Lung tissue motion arising from breathing and heart beating has been described as the largest annoyance of in vivo imaging. Consequently, infected lung tissue has never been imaged in vivo thus far, and little is known concerning the kinetics of the mucosal immune system at the cellular level. We have developed an optimized post-processing strategy to overcome tissue motion, based upon two-photon and second harmonic generation (SHG) microscopy. In contrast to previously published data, we have freed the lung parenchyma from any strain and depression in order to maintain the lungs under optimal physiological parameters. Excitation beams swept the sample throughout normal breathing and heart movements, allowing the collection of many images. Given that tissue motion is unpredictably, it was essential to sort images of interest. This step was enhanced by using SHG signal from collagen as a reference for sampling and realignment phases. A normalized cross-correlation criterion was used between a manually chosen reference image and rigid transformations of all others. Using CX3CR1+/gfp mice this process allowed the collection of high resolution images of pulmonary dendritic cells (DCs) interacting with Bacillus anthracis spores, a Gram-positive bacteria responsible for anthrax disease. We imaged lung tissue for up to one hour, without interrupting normal lung physiology. Interestingly, our data revealed unexpected interactions between DCs and macrophages, two specialized phagocytes. These contacts may participate in a better coordinate immune response. Our results not only demonstrate the phagocytizing task of lung DCs but also infer a cooperative role of alveolar macrophages and DCs.

Paper Details

Date Published: 22 February 2013
PDF: 7 pages
Proc. SPIE 8589, Three-Dimensional and Multidimensional Microscopy: Image Acquisition and Processing XX, 85891H (22 February 2013); doi: 10.1117/12.2003708
Show Author Affiliations
Daniel Fiole, Institut de Recherche Biomédicale des Armées (France)
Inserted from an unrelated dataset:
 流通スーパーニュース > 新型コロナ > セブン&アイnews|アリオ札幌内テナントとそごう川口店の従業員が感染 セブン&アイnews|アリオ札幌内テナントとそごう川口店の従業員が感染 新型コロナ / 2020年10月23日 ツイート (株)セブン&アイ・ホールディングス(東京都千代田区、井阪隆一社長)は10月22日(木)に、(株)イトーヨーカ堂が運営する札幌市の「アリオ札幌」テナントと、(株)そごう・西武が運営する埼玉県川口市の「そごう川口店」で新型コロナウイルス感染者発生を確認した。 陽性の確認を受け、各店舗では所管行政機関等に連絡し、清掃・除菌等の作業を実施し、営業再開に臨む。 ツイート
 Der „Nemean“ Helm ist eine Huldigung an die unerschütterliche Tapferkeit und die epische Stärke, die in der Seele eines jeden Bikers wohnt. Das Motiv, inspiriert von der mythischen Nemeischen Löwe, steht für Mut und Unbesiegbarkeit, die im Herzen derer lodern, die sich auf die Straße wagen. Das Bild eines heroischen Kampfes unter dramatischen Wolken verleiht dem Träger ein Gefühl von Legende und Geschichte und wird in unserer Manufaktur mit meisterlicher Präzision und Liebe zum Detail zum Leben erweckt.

Lab, Interdisciplinaire de Physique, CNRS, Univ. Grenoble 1 (France)
Pierre Deman, Institut de Recherche Biomédicale des Armées (France)
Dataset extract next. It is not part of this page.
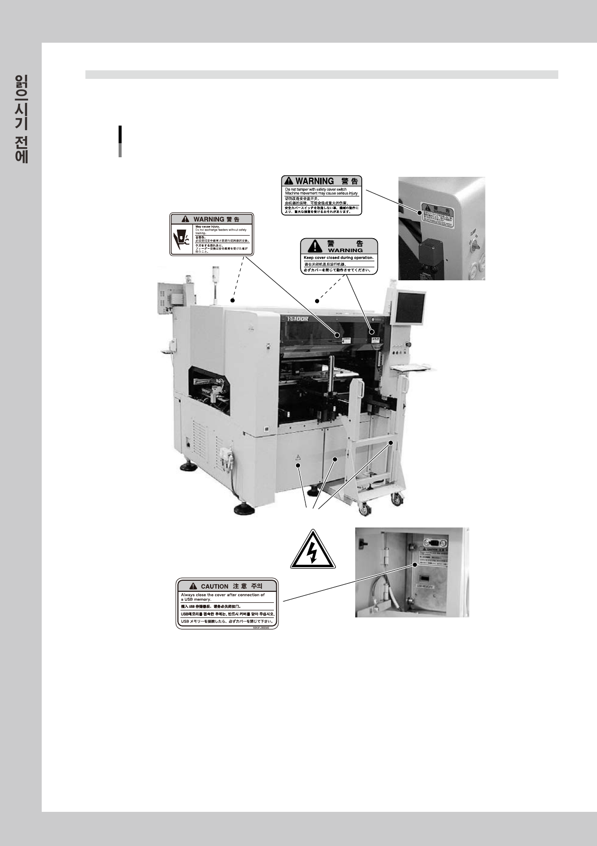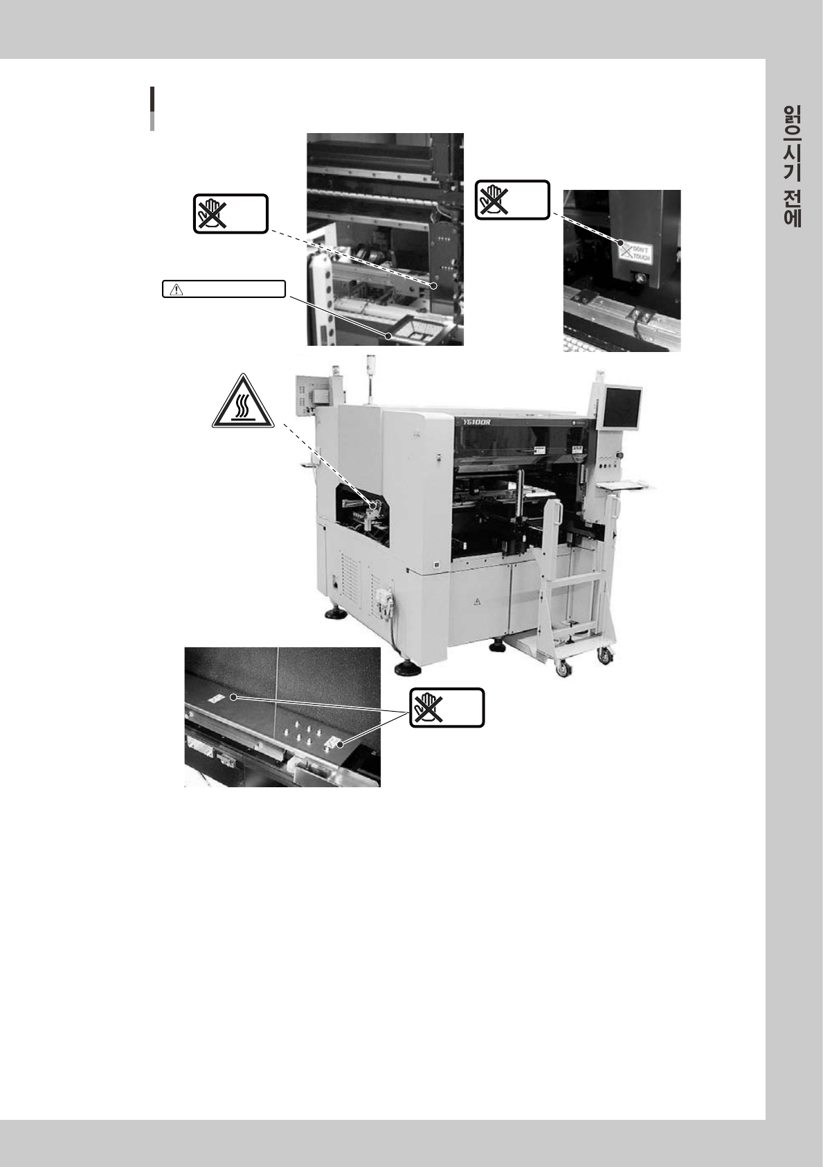장비를 정확하고 안전하게 사용하기 위해 , 본체 및 주변기기에 아래 내용의 경고표시를 했습니다 .

Yannick Trescos, Institut de Recherche Biomédicale des Armées (France)
Julien Douady, Lab. Interdisciplinaire de Physique, CNRS, Univ. Grenoble 1 (France)
Jean-Nicolas Tournier, Institut de Recherche Biomédicale des Armées (France)
Ecole du Val-de-Grâce (France)


Published in SPIE Proceedings Vol. 8589:
Three-Dimensional and Multidimensional Microscopy: Image Acquisition and Processing XX
Carol J. Cogswell; Thomas G. Brown; Jose-Angel Conchello; Tony Wilson, Editor(s)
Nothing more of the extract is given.